(Stored data)
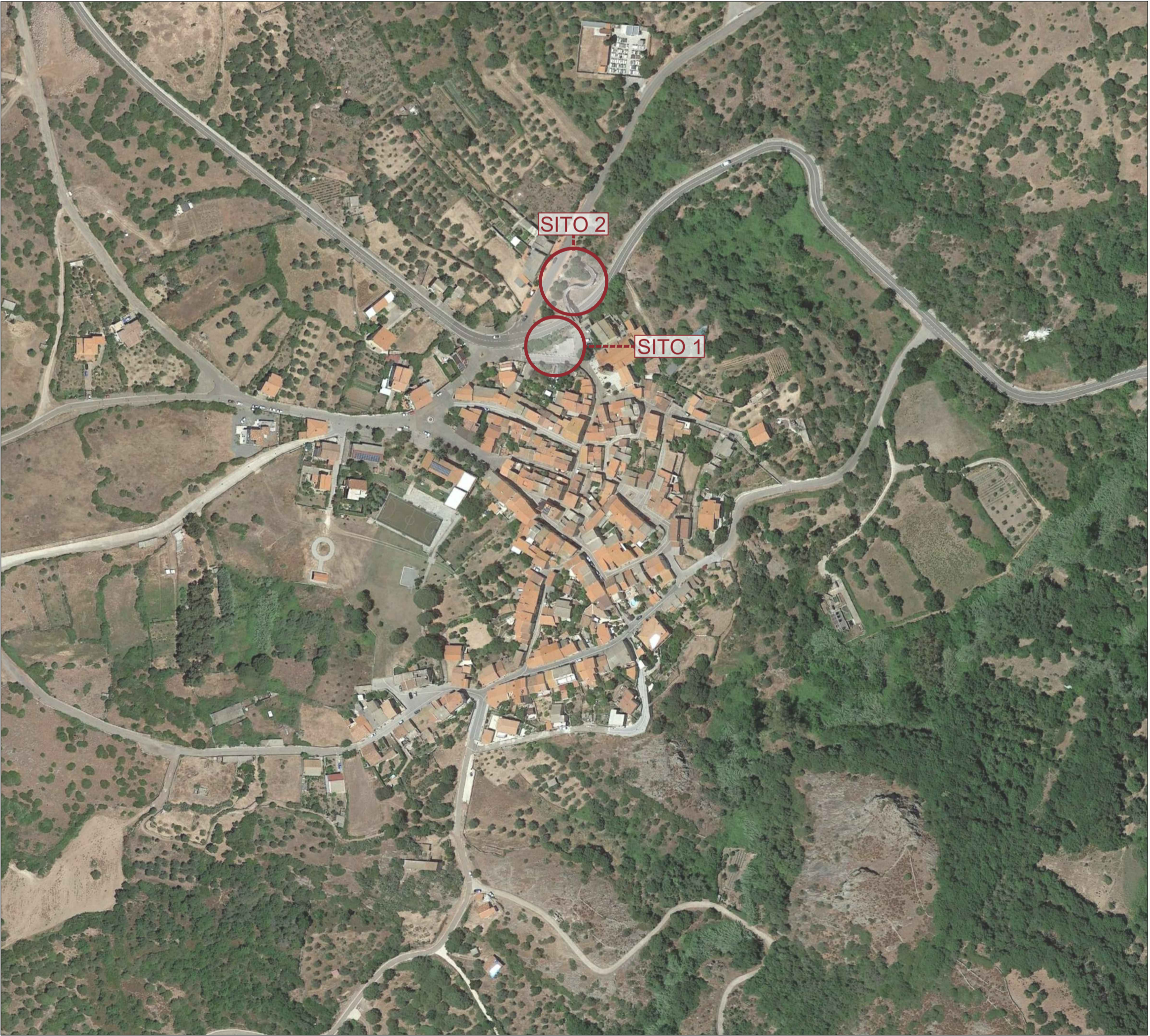
ORTOFOTO DI INQUADRAMENTO TERRITORIALE - SCALA 1:2.500
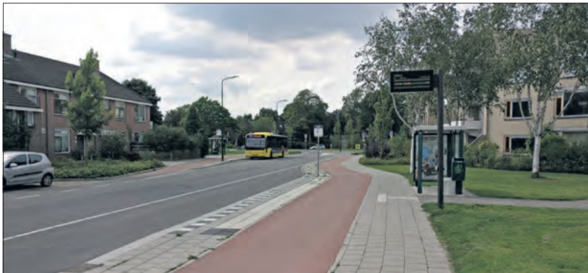
Lijn 77 komt via Zonneplein, Duivenlaan, door de tunnel in de Leijenseweg (rechtsaf) de Massijslaan opgereden, om daar te stoppen bij de halte Walnootlaan. [foto augustus 2017]

Kijk voor actuele reisinformatie op www.u-ov.info of bel de klantenservice 0900 5252241 van maandag t/m vrijdag 8.00 uur tot 20.00 uur.
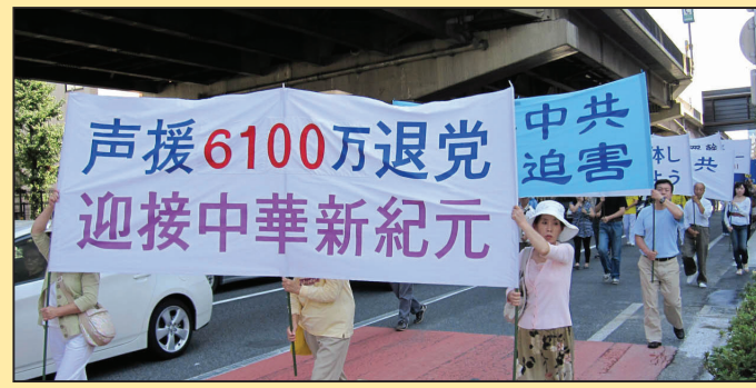
东京游行声援六千万勇士退出中共(第七版)
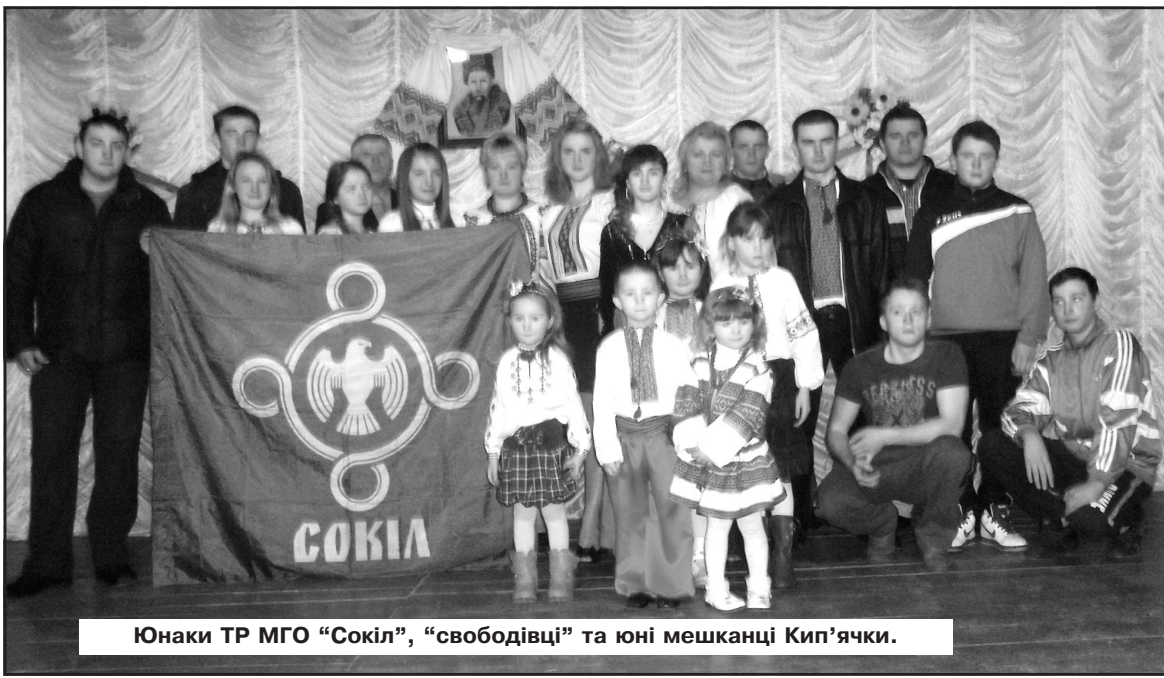
Юнаки ТР МГО "Сокіл", "свободівці" та юні мешканці Кип'ячки.
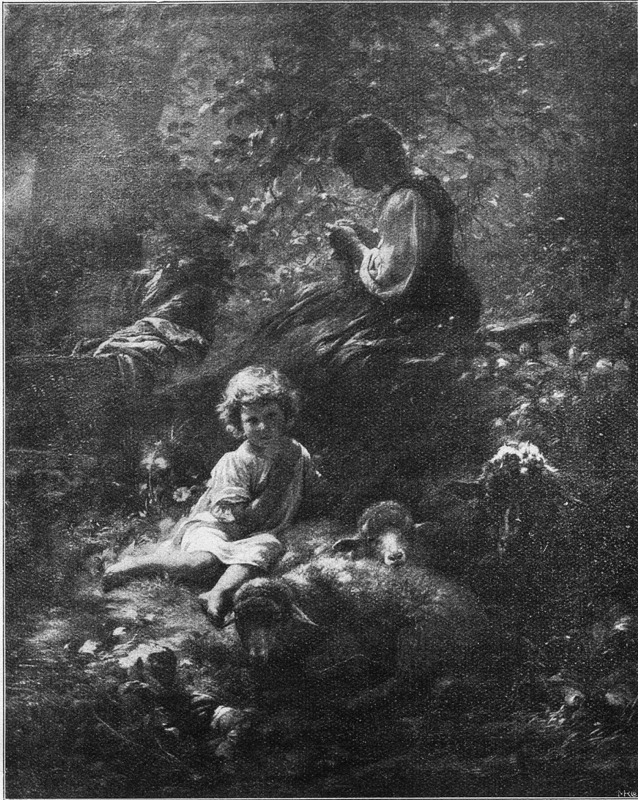
Rudolf Koller: Kinder mit Schafen.
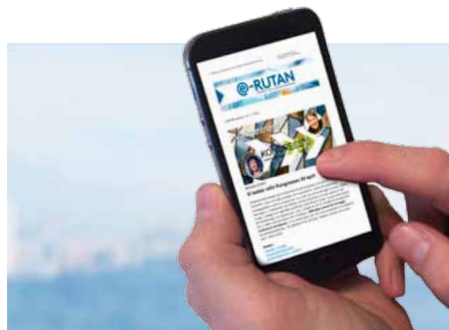
Digitala nyhetsbrevet e-Rutan.
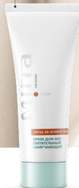
КРЕМ ДЛЯ НОГ ПИТАТЕЛЬНЫЙ СО СМЯГЧАЮЩИМ ЭФФЕКТОМ арт. 30380 | 75 мл 568 руб.
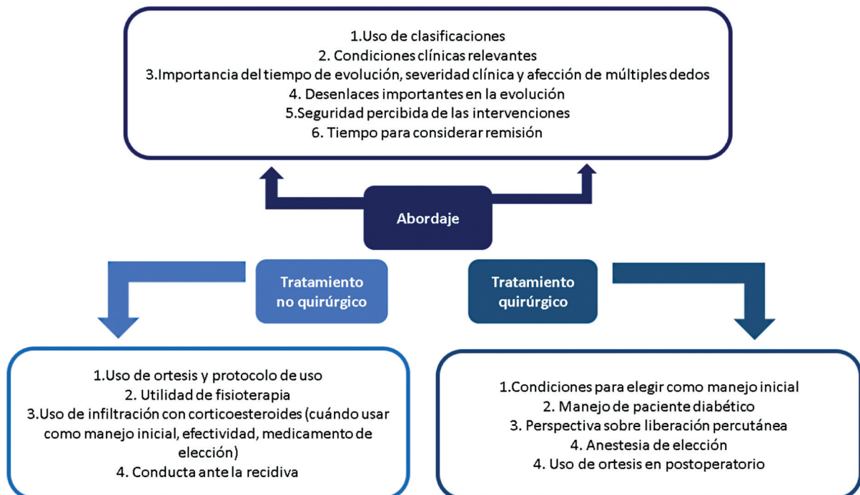
Gráfica 1 Estructura de la encuesta administrada a los cirujanos de mano colombianos agremiados.

Para 2021, 154 cirujanos de mano se encontraban agremiados en Colombia, por lo que este estudio logró
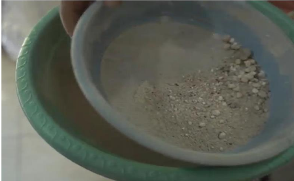
Gambar 6. Pengayakan Tepung Ubi Jalar dan Cokelat Bubuk
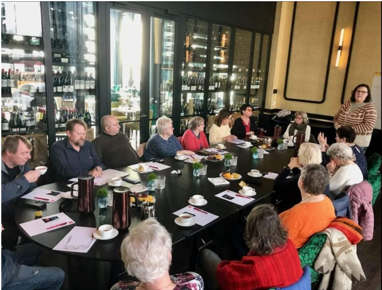
Fint møte med MH Vågan og MH Vestvågøy, ei fin og informativ stund..
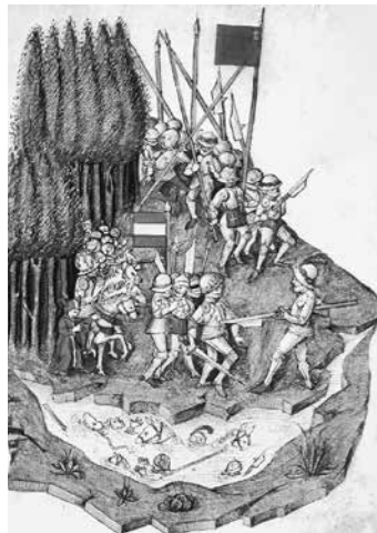
Рис. 7. Битва при Моргартене. Миниатюра из хроники Бенедикта Чахтлана, 1315

> _Work to be completed_:
Which lines above carry the string "cirujanos"? Copy those lines.

> _Response box_:
Gráfica 1 Estructura de la encuesta administrada a los cirujanos de mano colombianos agremiados.
Para 2021, 154 cirujanos de mano se encontraban agremiados en Colombia, por lo que este estudio logró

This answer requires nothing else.